Pictures excluded, output the lines of the data below between the one holding "Выявить импульсивность можно" and the one holding "这一套温度系统的「遥控器」位于椅子座垫的右侧,只提供了三个按钮,支持触控感应。", inclusive, exactly as they stand.

Records to process -
[Start of section]
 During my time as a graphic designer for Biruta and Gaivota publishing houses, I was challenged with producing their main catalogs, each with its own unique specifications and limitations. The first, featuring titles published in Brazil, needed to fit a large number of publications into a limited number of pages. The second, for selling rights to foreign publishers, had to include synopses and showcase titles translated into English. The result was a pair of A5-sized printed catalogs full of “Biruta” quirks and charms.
[End of section]
[Start of section]
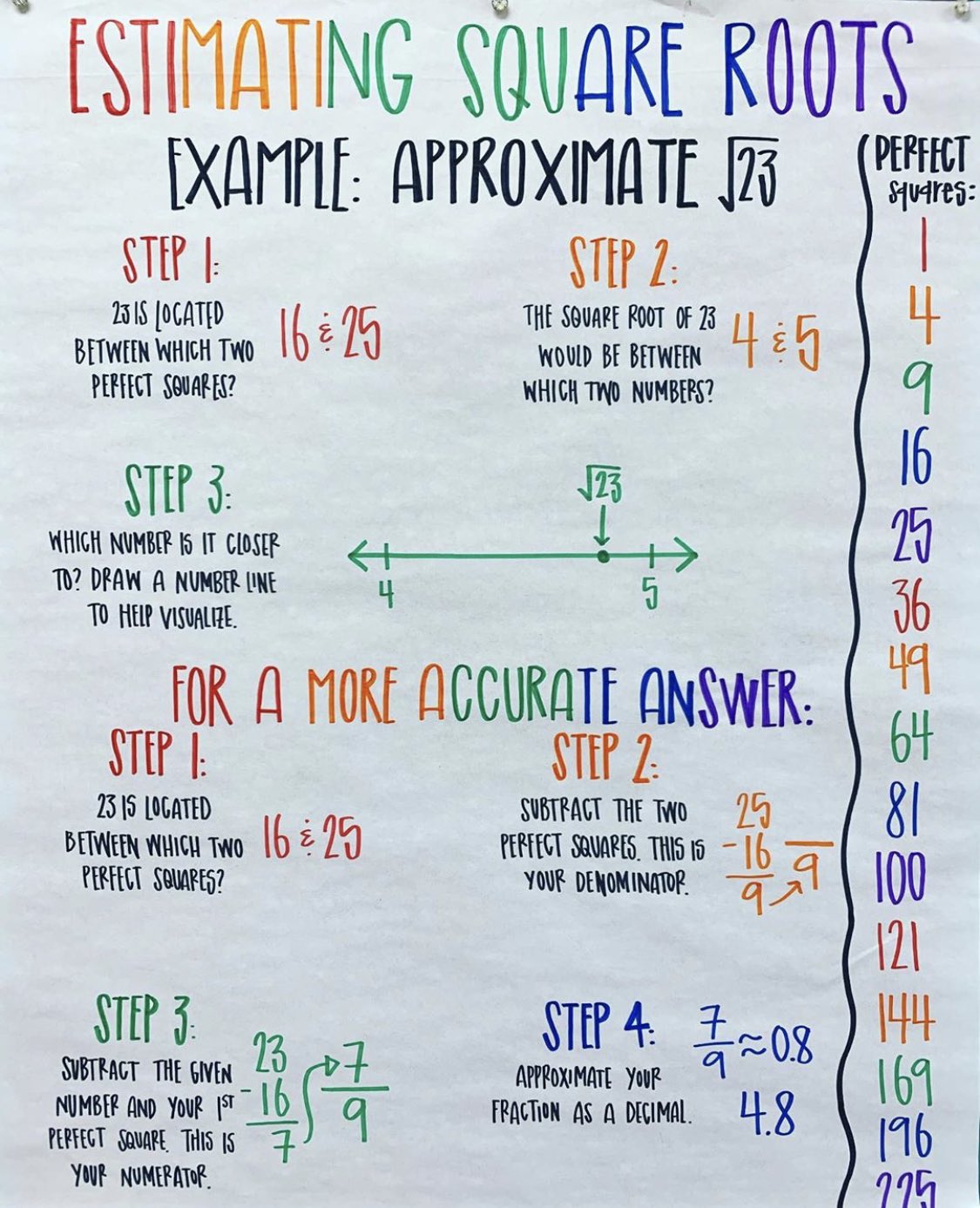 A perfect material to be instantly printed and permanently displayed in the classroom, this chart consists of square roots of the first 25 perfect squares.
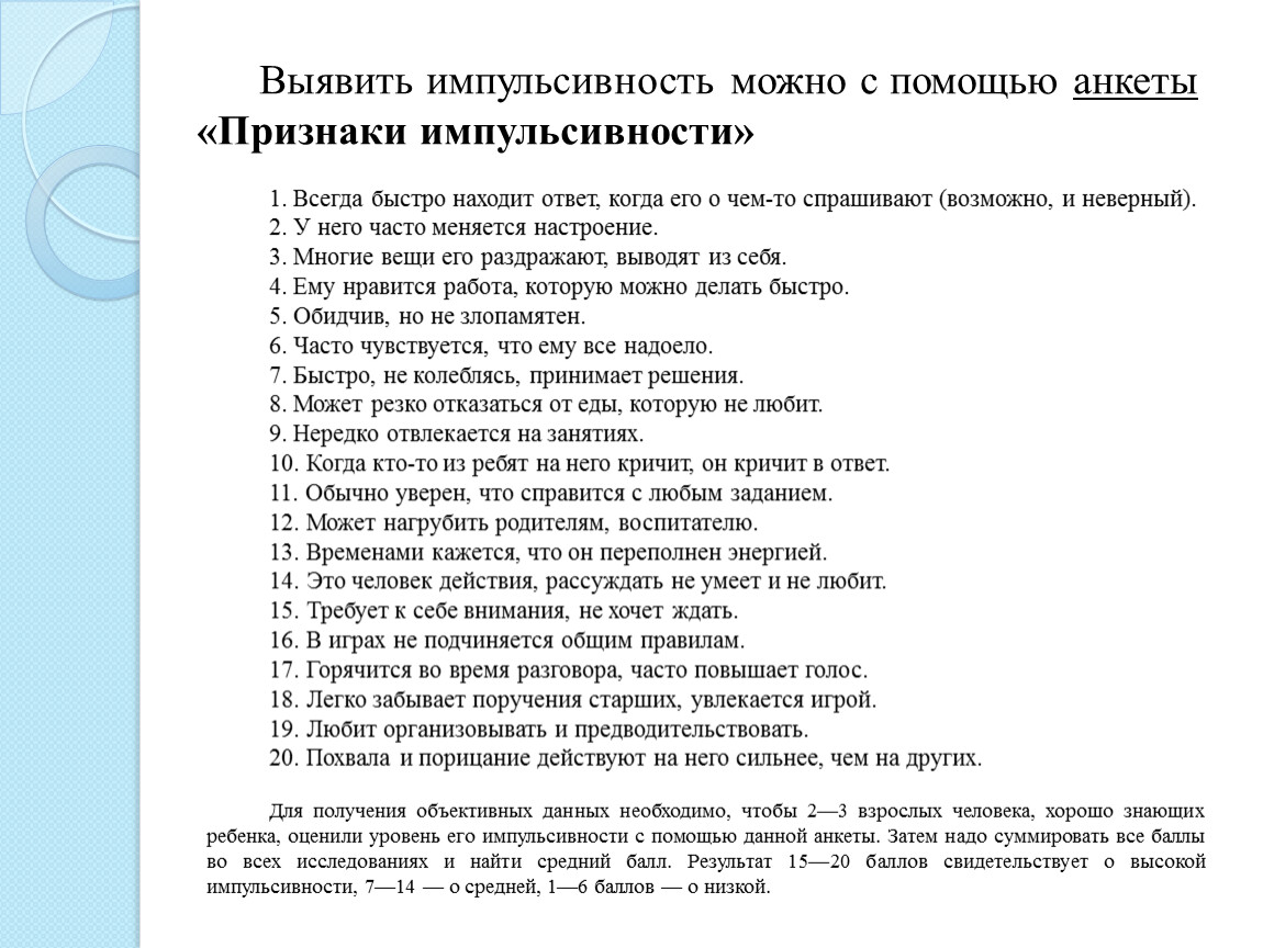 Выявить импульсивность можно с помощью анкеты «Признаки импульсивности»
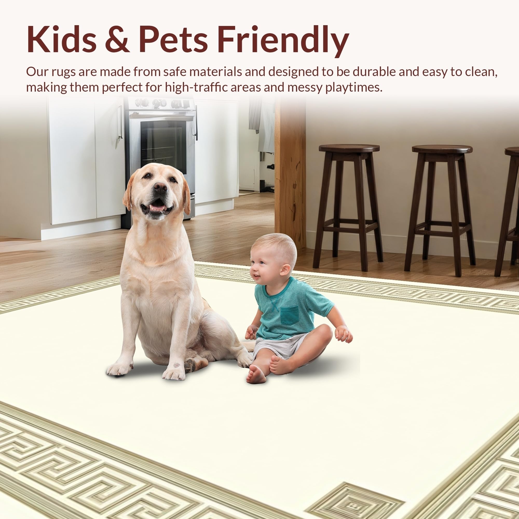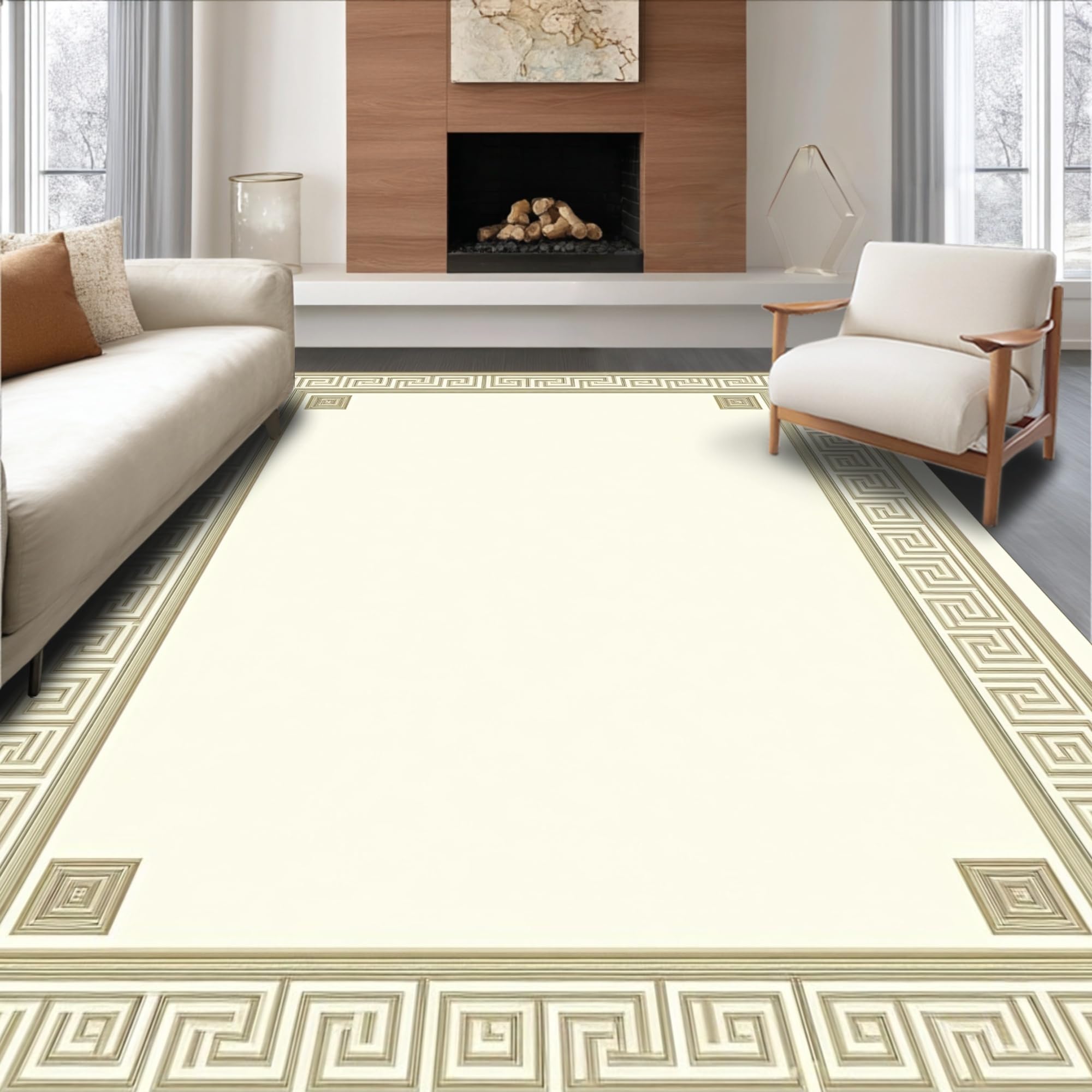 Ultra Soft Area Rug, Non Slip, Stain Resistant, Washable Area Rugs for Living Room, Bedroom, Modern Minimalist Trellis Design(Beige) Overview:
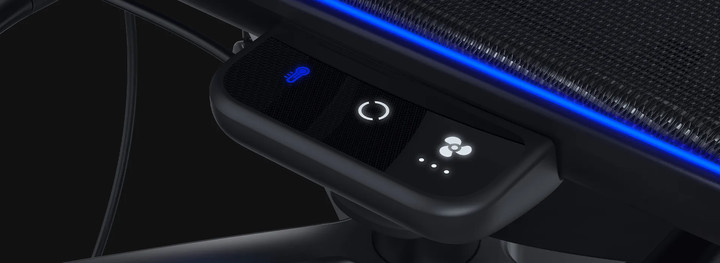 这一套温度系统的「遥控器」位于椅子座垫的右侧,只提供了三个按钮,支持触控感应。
[End of section]
[Start of section]
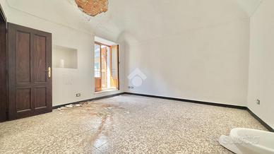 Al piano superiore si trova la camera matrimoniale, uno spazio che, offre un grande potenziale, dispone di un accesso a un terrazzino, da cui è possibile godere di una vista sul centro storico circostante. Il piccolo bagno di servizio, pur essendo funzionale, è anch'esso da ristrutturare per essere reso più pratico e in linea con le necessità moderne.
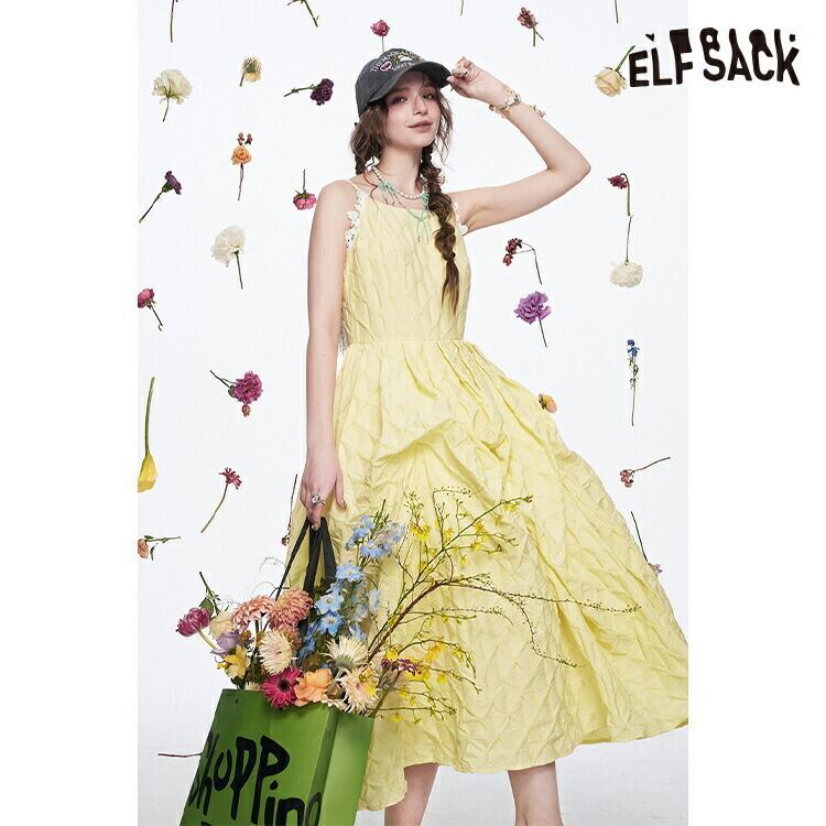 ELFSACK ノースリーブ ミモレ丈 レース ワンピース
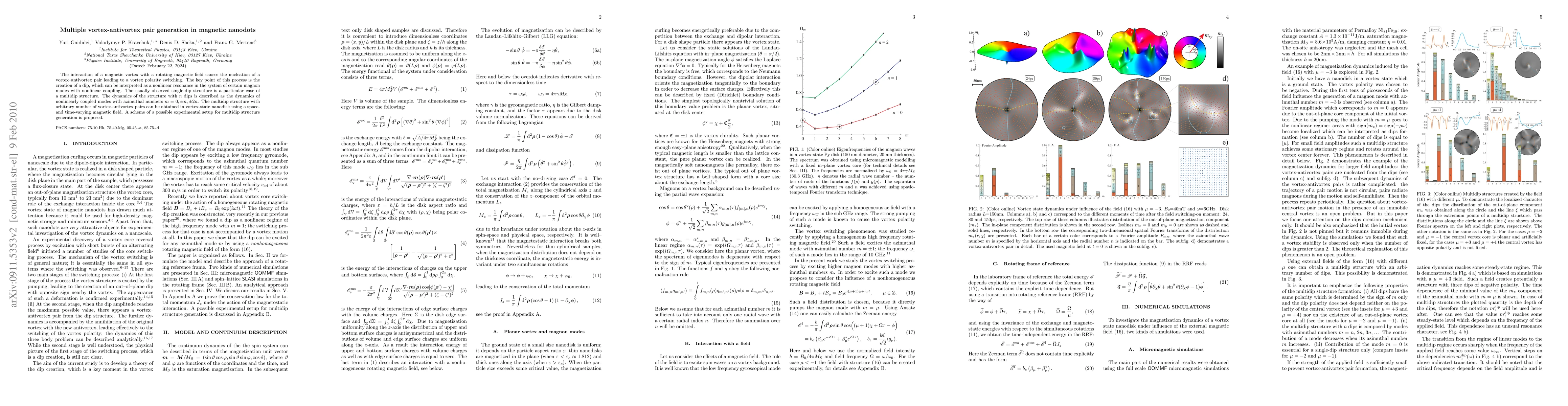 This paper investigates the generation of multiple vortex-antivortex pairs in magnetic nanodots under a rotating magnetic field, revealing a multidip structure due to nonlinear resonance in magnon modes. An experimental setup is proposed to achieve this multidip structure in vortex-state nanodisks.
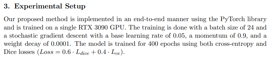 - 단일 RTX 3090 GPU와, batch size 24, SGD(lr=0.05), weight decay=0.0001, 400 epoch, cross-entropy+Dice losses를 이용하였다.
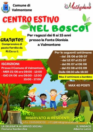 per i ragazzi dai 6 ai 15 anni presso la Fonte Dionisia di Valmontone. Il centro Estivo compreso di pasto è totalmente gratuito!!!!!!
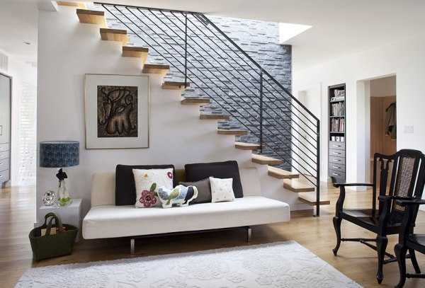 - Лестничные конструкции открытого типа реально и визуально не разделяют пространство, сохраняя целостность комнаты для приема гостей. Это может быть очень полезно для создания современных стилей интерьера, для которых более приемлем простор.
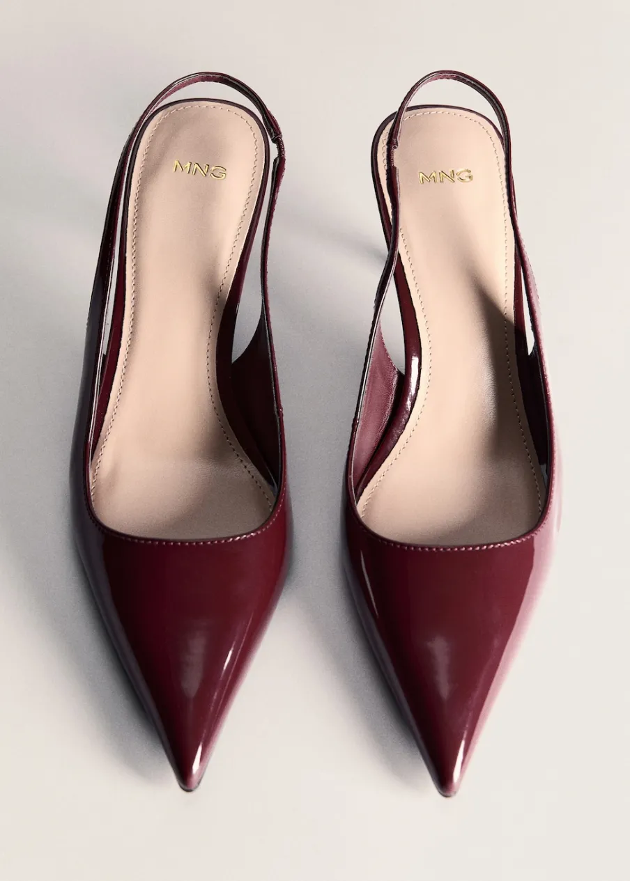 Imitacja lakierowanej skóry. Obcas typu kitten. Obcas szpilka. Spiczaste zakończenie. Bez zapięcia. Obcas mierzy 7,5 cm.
[End of section]
Answer for the task -
 Выявить импульсивность можно с помощью анкеты «Признаки импульсивности»
 Ultra Soft Area Rug, Non Slip, Stain Resistant, Washable Area Rugs for Living Room, Bedroom, Modern Minimalist Trellis Design(Beige) Overview:
 这一套温度系统的「遥控器」位于椅子座垫的右侧,只提供了三个按钮,支持触控感应。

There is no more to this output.